Mob programming (informally mobbing) (aka. ensemble programming) is a software development approach where the whole team works on the same thing, at the same time, in the same space, and at the same computer (or virtually, using screen sharing)
Wikipedia
Mobbing (also known as ensemble programming, apparently) is a step beyond focusing the team on the same epic. It’s focusing the team on the same ticket. Nobody’s allowed to work on a ticket without the majority of the team there.
And it’s not limited to just coding. It could also mean testing, writing docs, deploying, investigating, writing new tickets, etc. Whatever the work is, there’d be one person driving and the rest of the team navigating.
A Scrum Book has a great chapter on it (but they call it swarming instead of mobbing):
Working on too many things at once can radically reduce individual effectiveness, team velocity, or enterprise well-being. It can cripple velocity and can sometimes reduce it to zero. If everyone is working on their own thing individually, they are unlikely to help each other and, in the long term, learn from each other.
[…] Therefore, focus maximum team effort on one item in the Product Backlog and complete all known work as soon as possible. Whoever takes this item is Captain of the team. Everyone must help the Captain if they can and no one can interrupt the Captain. As soon as the Captain is Done, whoever takes responsibility for the next backlog item is Captain.
A Scrum Book
There are some huge, gigantic, enormous, undeniable benefits to mobbing:
- You don’t really need code review anymore, since entire team helped write that code.
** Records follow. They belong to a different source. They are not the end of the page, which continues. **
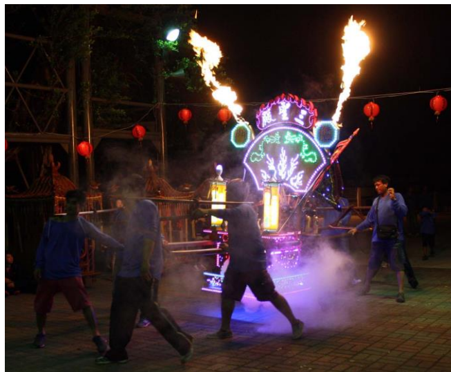
Pyrotechnics at the local temple on Penghu.

Does it sound idyllic, even "islandly idyllic"? If you missed out on this one, do not despair. ISISA's next conference "Islands of the World XIII" will be held 22-27 September 2014 on Penghu. Another chance to leave your heart in Taiwan.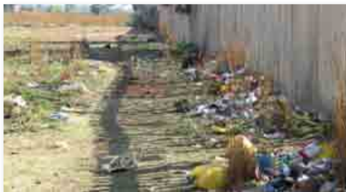
Eldorado Park: Before

During the 90 days Accelerated Service Delivery Programme, City Parks scooped a few awards which showed that the company's efforts do not go unnoticed: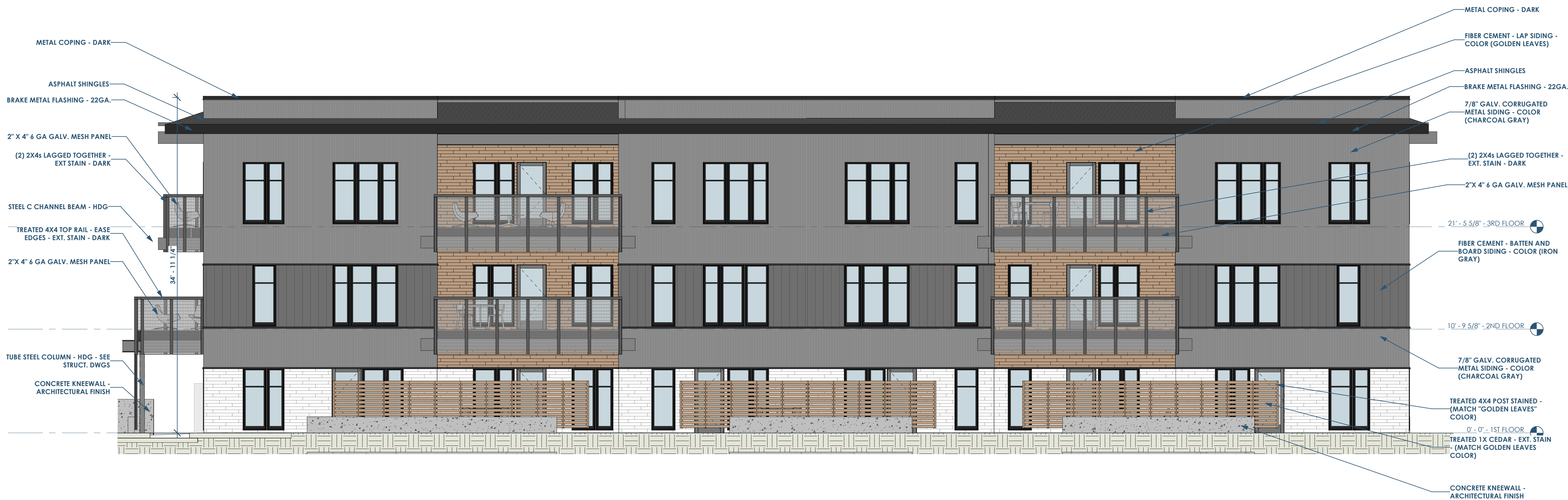
1 A22 ELEVATION - SOUTH 3/16" = 1'-0"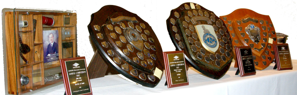
The North Thames Trophies

The AGM will take place at 2.15pm Papers for the AGM are on pages 7, 8 and 9 and can be pulled out.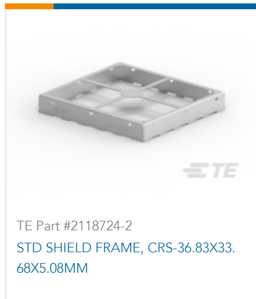
TE Part #2118724-2 STD SHIELD FRAME, CRS-36.83X33.68X5.08MM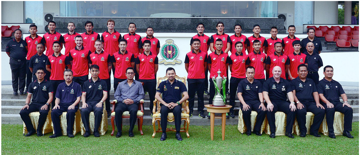
His Royal Highness consented to the photo session with the Brunei team DPMM FC.

- Bus factor issues are nonexistent – everyone learns everything by default.
- Less dumb mistakes, less bugs, less rework.
- The bare minimum of partially done work: only one thing is in progress, ever.
- No handoffs and no waiting between stages of the development workflow.
- Laser focus: you’re not going to be distracted by Slack or Reddit during a mobbing session.
- All of that means that the cycle time for a ticket is ridiculous.
It all boils down to eliminating waste. Lean software development defines some common types of waste:
- Partially done work
- Extra features
- Relearning
- Task switching
- Waiting
- Handoffs
- Defects
- Management activities
The bold/italics ones are minimized or eliminated by mobbing. That is some silver bullet insanity.
So why isn’t it everywhere? It’s not a new concept; it’s been around for decades. Here are the common objections I see:
“There’s no way we’ll get as much done if we have everyone doing the same thing. For example, a five-person team would have to have 5x productivity when mobbing vs. working alone, and that’s impossible.” This is short term thinking. Sure, you won’t hit 5x productivity in the first week. But think about the compounding gains from learning from each other all day every day, minimizing bugs and rework, killing delays from waiting/handoffs, and removing code review.
“To get promoted at my company, I need to lead projects and accomplish things as an individual. It’s hard to show individual accomplishment when I’m always mobbing.” There are other ways to show individual accomplishment. Help other teams. Share knowledge widely. Improve culture. Own the vision for something. Become a subject matter expert. Execution isn’t the only option.
“Mobbing leads to groupthink and removes individual creativity.” This smells like an un-jelled team to me. A team with high psychological safety will encourage people to throw out wild ideas and contradict each other and try stuff out, no?
“Some tasks aren’t a good fit for mobbing, such as grunt work or writing docs.” Mobbing on grunt work prevents lots of stupid mistakes. That said, some tasks may not be a good fit for whatever reason, and that’s fine. Maybe you want to keep writing blog posts alone so that your writing doesn’t lose your voice or tone. No problem. Mobbing is great as a “default unless there’s a good reason not to” setup. It doesn’t have to be an all-or-nothing thing.
“I don’t like working with other people all day. I like digging into problems alone.” This one holds water. Who am I to tell someone they are wrong about what they enjoy? I’d only say two things. 1) Give it a fair try (as in, for multiple weeks until it becomes “normal”) instead of assuming you’d hate it. 2) If you really want to work alone, then you shouldn’t be on a mobbing team, and that’s OK.